Department of Immunobiology, Yale University School of Medicine, New Haven, USA.
Department of Oncology, Clínica Universidad de Navarra, Pamplona, Spain.
Ann Oncol. 2017 Aug 1;28(8):1988-1995. doi: 10.1093/annonc/mdx190.
Surrogate biomarkers of efficacy are needed for anti-PD1/PD-L1 therapy, given the existence of delayed responses and pseudo-progressions. We evaluated changes in serum IL-8 levels as a biomarker of response to anti-PD-1 blockade in melanoma and non-small-cell lung cancer (NSCLC) patients.
Metastatic melanoma and NSCLC patients treated with nivolumab or pembrolizumab alone or nivolumab plus ipilimumab were studied. Serum was collected at baseline; at 2-4 weeks after the first dose; and at the time-points of response evaluation. Serum IL-8 levels were determined by sandwich ELISA. Changes in serum IL-8 levels were compared with the Wilcoxon test and their strength of association with response was assessed with the Mann-Whitney test. Accuracy of changes in IL-8 levels to predict response was estimated using receiver operation characteristics curves.
Twenty-nine melanoma patients treated with nivolumab or pembrolizumab were studied. In responding patients, serum IL-8 levels significantly decreased between baseline and best response (P <0.001), and significantly increased upon progression (P = 0.004). In non-responders, IL-8 levels significantly increased between baseline and progression (P = 0.013). Early changes in serum IL-8 levels (2-4 weeks after treatment initiation) were strongly associated with response (P <0.001). These observations were validated in 19 NSCLC patients treated with nivolumab or pembrolizumab (P = 0.001), and in 15 melanoma patients treated with nivolumab plus ipilimumab (P <0.001). Early decreases in serum IL-8 levels were associated with longer overall survival in melanoma (P = 0.001) and NSCLC (P = 0.015) patients. Serum IL-8 levels also correctly reflected true response in three cancer patients presenting pseudoprogression.
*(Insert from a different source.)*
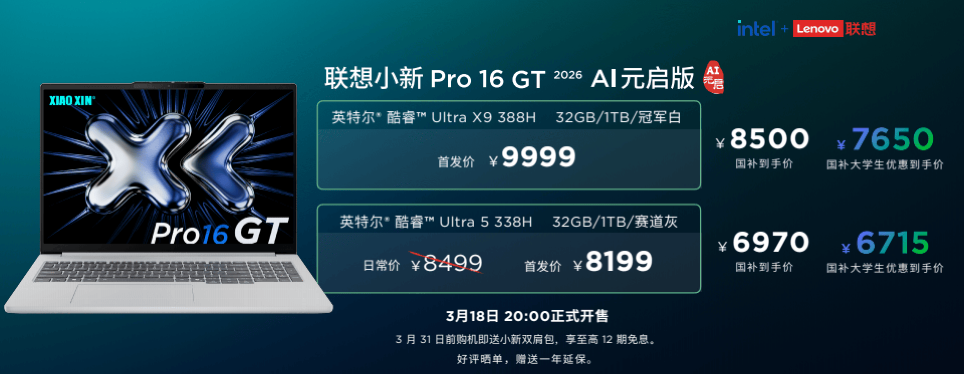 联想小新Pro 16 GT 2026 AI元启版,日常价8499元起,首发价8199元起,国补到手价6970元起,国补大学生优惠到手价6715元起。3月18日20:00正式开售,3月31日前购机送小新双肩包,享至高12期免息。好评晒单,赠送一年延保。
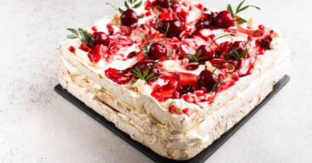 меренговые коржи, крем чиз, вишневый джем с пряностями

Changes in serum IL-8 levels could be used to monitor and predict clinical benefit from immune checkpoint blockade in melanoma and NSCLC patients.
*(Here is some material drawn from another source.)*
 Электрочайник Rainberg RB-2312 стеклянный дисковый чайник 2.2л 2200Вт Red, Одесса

鉴于抗 PD1/PD-L1 治疗存在延迟反应和假性进展,因此需要有效的替代生物标志物。我们评估了血清 IL-8 水平的变化作为抗 PD-1 阻断在黑色素瘤和非小细胞肺癌(NSCLC)患者中的反应生物标志物。
研究了单独使用纳武单抗或派姆单抗或纳武单抗联合伊匹单抗治疗的转移性黑色素瘤和 NSCLC 患者。在基线时、首次剂量后 2-4 周以及反应评估时采集血清。通过夹心 ELISA 测定血清 IL-8 水平。使用 Wilcoxon 检验比较血清 IL-8 水平的变化,并使用 Mann-Whitney 检验评估其与反应的关联强度。使用接收者操作特征曲线估计 IL-8 水平变化预测反应的准确性。
研究了 29 例接受纳武单抗或派姆单抗治疗的黑色素瘤患者。在有反应的患者中,血清 IL-8 水平在基线和最佳反应时显著降低(P<0.001),在进展时显著升高(P=0.004)。在无反应者中,IL-8 水平在基线和进展时显著升高(P=0.013)。治疗开始后 2-4 周的血清 IL-8 水平早期变化与反应强烈相关(P<0.001)。这些观察结果在接受纳武单抗或派姆单抗治疗的 19 例 NSCLC 患者(P=0.001)和接受纳武单抗联合伊匹单抗治疗的 15 例黑色素瘤患者(P<0.001)中得到验证。黑色素瘤(P=0.001)和 NSCLC(P=0.015)患者中血清 IL-8 水平的早期降低与总生存期延长相关。血清 IL-8 水平也正确反映了 3 例出现假性进展的癌症患者的真实反应。
血清 IL-8 水平的变化可用于监测和预测黑色素瘤和 NSCLC 患者免疫检查点阻断的临床获益。